Cloud Native Data Pipeline on Azure Databricks for Exploratory Data Analysis

👆 click the picture to see the presentation video!

Cloud Native Data Pipeline on Azure Databricks for Exploratory Data Analysis

This project presents an end-to-end data pipeline and analytics workflow centered around Formula 1 racing data, with a strong emphasis on exploratory data analysis (EDA) and visualization. It is structured into two core components: cloud-native data engineering and analytical data visualization.

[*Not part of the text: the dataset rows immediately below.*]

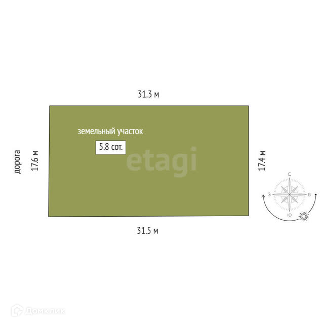 Площадь участка 5.8 сот.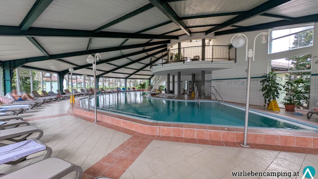 Direkt am Campingplatz gibt es zwei keine Thermalbecken. Diese haben für Campinggäste bereits ab 6:00 Uhr geöffnet, sperren aber leider schon um 18:00 Uhr zu. Das Becken mit dem stärksten Wasser wird täglich abgelassen, geputzt und über Nacht frisch eingelassen und hat etwa 36 – 38 Grad. Fast der gesamte Rand bietet Sitzmöglichkeiten, ein Großteil davon ist auch überdacht. Ein zweites Becken mit schwächerem Wasser hat etwa 34 – 36 Grad Celsius, hier gibt es aber keine Überdachung. Innen steht ein halbmondförmiges Becken mit ~32 Grad zur Verfügung, hier gibt es auch Liegen, welche an kalt-nassen Tagen aber bald alle belegt sind. Das Wasser verfügt über einen hohen Mineralgehalt und riecht schwefelig, wir empfanden das Baden sehr angenehm und entspannend. Im Sommer gibt es im Außenbereich außerdem ein Sportbecken zum Schwimmen sowie ein Kinderbecken.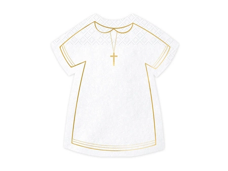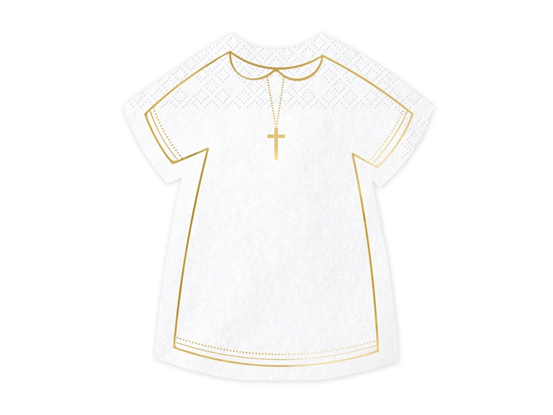 - Serwetki papierowe w kształcie alby komunijnej w kolorze białym ze złotym metalizowanym nadrukiem, wymiary po rozłożeniu ok. 28 x 32 cm, wymiary po złożeniu ok. 14 x 16 cm. (1 op. / 20 szt.)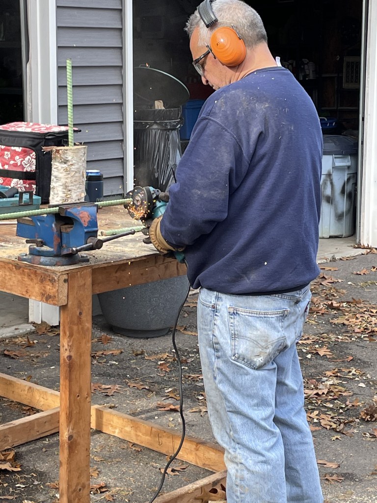 Steve, that Elf Helper of mine, cut the rebar to my desired lengths, and we inserted them into the base of the birch pieces. They were heavy at first as the birch logs were not totally cured or dried out – so imagine we took these up and carried them in to use on the balcony. I really liked how these worked out, and if desired, could be reused the next season. Once they were pushed into the soil, it was very secure.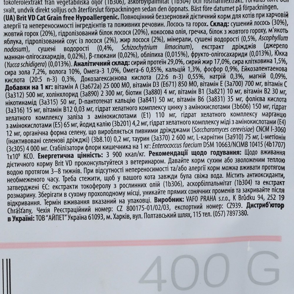 Повна і збалансована гіпоалергенна дієта для кішок з дерматологічними та шлунково-кишковими проблемами, викликаними негативними харчовими реакціями (харчова алергія/харчова непереносимість).Показання до вживання:Дієтичний повнораціонний сухий корм для котів – виключення потенційних алергенів з раціону знижує навантаження на організм та допомагає попередити харчову непереносимість.Харчова алергія з дерматологічними або шлунково-кишечними симптомами.Харчова непереносимістьАлергічний отит, атопічний дерматитПідтримка здоров’я та якості шерсті та шкіриХронічні діареї та захворювання кишківникаНормалізація процесів травної системиСпосіб використання:Усунення харчових алергічних реакцій і харчової непереносимості:Годуйте тільки Brit VD Hypoallergenic Cat і водою протягом 6–8 тижнів. Не годуйте жодним іншим кормом для тварин або харчовими продуктами для людини, закусками чи добавками.Підтримання дієти:Якщо непереносимість і/або алергія відступають, Brit VD Hypoallergenic Cat можна використовувати необмежено довго або у якості провокаційного тесту на монобілкову дієту.Склад:сушений лосось (30%), жовтий горох (20%), гідролізований білок лосося (20%), кокосова олія, гречка, білок жовтого гороху, м’якоть яблука, гідролізований соус із лосося (2%), жир лосося (2%), мінерали, сушені водорості (0,5%, Ascophyllum nodosum), сушені водорості (0,4%, Schizochytrium limacinum), екстракт дріжджів (джерело маннан-олігосахаридів, 0,02%), β-глюкани (0,02%), обліпиха (0,015%), фрукто-олігосахариди (0,013%), юка (Mojave yucca) (0,013%)Поживні речовини:сирий протеїн 29,0%, сирий жир 17,0%, сира клітковина 1,5%, сира зола 7,5%, волога 10%, Омега-3 1,0%, Омега-6 0,85%, кальцій 1,3%, фосфор 0,9%, Ейкозапентаенова кислота (20:5 n-3) 0,3%, Докозагексаєнова кислота (22:6 n-3) 0,55%, натрій 0,3%, магній 0,09%.Харчові добавки на 1 кг:вітамін A (3a672a) 25 000 МО, вітамін D3 (E671) 850 МО, вітамін E (3a700) 700 мг, вітамін C (3a312) 500 мг, холінхлорид (3a890) 2 300 мг, біотин (3a880) 4 мг, вітамін B1 (3a821) 10 мг, вітамін B2 30 мг, нікотинамід (3a315) 50 мг, D-пантотенат кальцію (3a841) 50 мг, вітамін B6 (3a831) 35 мг, фолієва кислота (3a316) 15 мг, вітамін B12 0,03 мг, гідрат хелатного комплексу цинку з амінокислотами (3b606) 150 мг, гідрат хелатного комплексу заліза з амінокислотами (E1) 110 мг, гідрат хелатного комплексу марганцю з амінокислотами (E5) 65 мг, йодид калію (3b201) 4,2 мг, гідрат хелатного комплексу міді з амінокислотами (E4) 12 мг, органічна форма селену, що виробляється пивними дріжджами (Saccharomyces cerevisiae) CNCM I-3060 (інактивовані селенові дріжджі) (3b8.10) 0,2 мг, таурин (3a370) 2 600 мг, L-карнітин (3a910) 75 мг, L-метіонін (3c305) 4 000 мг. Стабілізатори флори кишківника на 1 кг: Enterococcus faecium DSM 10663/NCIMB 10415 (4b1707) 1×109 КСО.Енергетична цінність:3 900 ккал/кгВага котаДобова норма2 кг55 г3 кг65 г4 кг70 г5 кг80 г6 кг85 г8 кг95 г10 кг100 г12 кг120 г

On the data engineering side, we leverage Azure Cloud services to build a scalable and automated data pipeline following the medallion architecture (bronze, silver, gold layers). Raw data is ingested and stored in Azure Data Lake Storage Gen2, processed and transformed using Azure Databricks with PySpark and SparkSQL, and managed through Delta Lake to ensure ACID transactions and schema enforcement. We incorporate Unity Catalog for data governance and access control, while Azure Data Factory orchestrates the workflow to achieve full automation. The architecture demonstrates cloud-native best practices such as decoupled storage and compute, batch-stream unification, and automated job triggering—effectively realizing a modern Lakehouse design.

On the data analysis and visualization front, we utilize both Tableau and Python for different analytical tasks. Tableau connects directly to the Databricks-backed gold layer, enabling real-time, interactive BI dashboards that cover historical driver and team rankings, national-level aggregations, and top driver trends over time. For deeper statistical insights, Python’s Matplotlib and Seaborn are used to explore multidimensional relationships, such as starting grid vs. final position, fastest lap vs. points, and stability of driver performance across seasons.

By integrating enterprise-grade data infrastructure with intuitive visual storytelling, this project not only showcases advanced data engineering capabilities but also delivers valuable insights into the world of Formula 1 through rich, interactive visualizations.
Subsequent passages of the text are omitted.